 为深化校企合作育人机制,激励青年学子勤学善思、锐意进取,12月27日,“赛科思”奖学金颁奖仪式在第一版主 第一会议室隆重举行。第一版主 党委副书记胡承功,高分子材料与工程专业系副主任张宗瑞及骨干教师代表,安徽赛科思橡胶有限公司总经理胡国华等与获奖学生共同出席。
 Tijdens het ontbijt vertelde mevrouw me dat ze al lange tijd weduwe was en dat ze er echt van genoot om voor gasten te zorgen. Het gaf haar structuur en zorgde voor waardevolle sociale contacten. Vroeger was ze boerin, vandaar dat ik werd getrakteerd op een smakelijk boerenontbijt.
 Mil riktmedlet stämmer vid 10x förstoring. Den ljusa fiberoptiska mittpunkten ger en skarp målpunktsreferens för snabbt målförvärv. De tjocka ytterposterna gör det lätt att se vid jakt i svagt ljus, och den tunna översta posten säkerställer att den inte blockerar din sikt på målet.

...

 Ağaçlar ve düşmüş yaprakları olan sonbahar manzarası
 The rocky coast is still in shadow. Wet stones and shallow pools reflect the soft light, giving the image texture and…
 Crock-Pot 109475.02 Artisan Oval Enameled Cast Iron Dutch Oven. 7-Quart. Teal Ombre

* * *

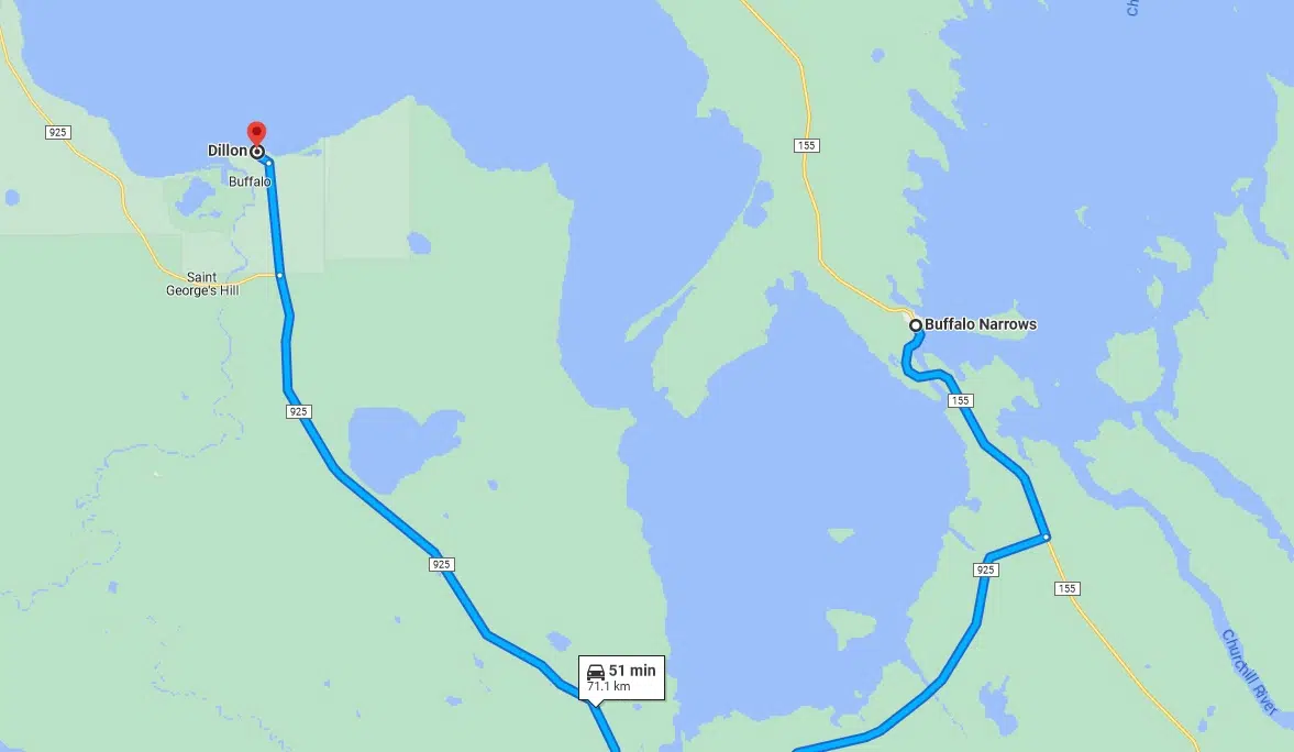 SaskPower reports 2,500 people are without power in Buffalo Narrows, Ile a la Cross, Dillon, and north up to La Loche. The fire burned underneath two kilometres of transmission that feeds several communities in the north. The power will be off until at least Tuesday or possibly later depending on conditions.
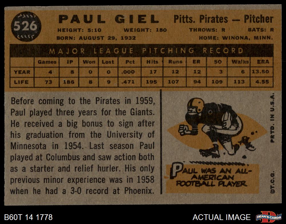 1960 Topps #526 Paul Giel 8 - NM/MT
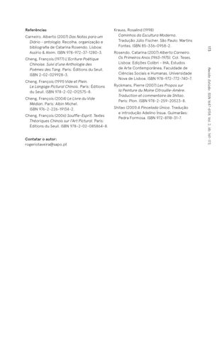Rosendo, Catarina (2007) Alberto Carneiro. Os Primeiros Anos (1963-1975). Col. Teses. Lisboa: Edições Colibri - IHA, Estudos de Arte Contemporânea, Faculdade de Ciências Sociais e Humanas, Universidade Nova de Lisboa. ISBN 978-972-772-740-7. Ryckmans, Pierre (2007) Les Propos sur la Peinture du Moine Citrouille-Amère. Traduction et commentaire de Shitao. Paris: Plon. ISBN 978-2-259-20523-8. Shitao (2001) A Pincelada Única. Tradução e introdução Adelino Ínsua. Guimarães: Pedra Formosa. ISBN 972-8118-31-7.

▸ EXERCISE AIM: For this exercise, output exactly the lines above from the line with "Ağaçlar ve düşmüş" to the line with "Crock-Pot 109475.02 Artisan", counting both, and leave out the rest.

▸ SOLUTION:
 Ağaçlar ve düşmüş yaprakları olan sonbahar manzarası
 The rocky coast is still in shadow. Wet stones and shallow pools reflect the soft light, giving the image texture and…
 Crock-Pot 109475.02 Artisan Oval Enameled Cast Iron Dutch Oven. 7-Quart. Teal Ombre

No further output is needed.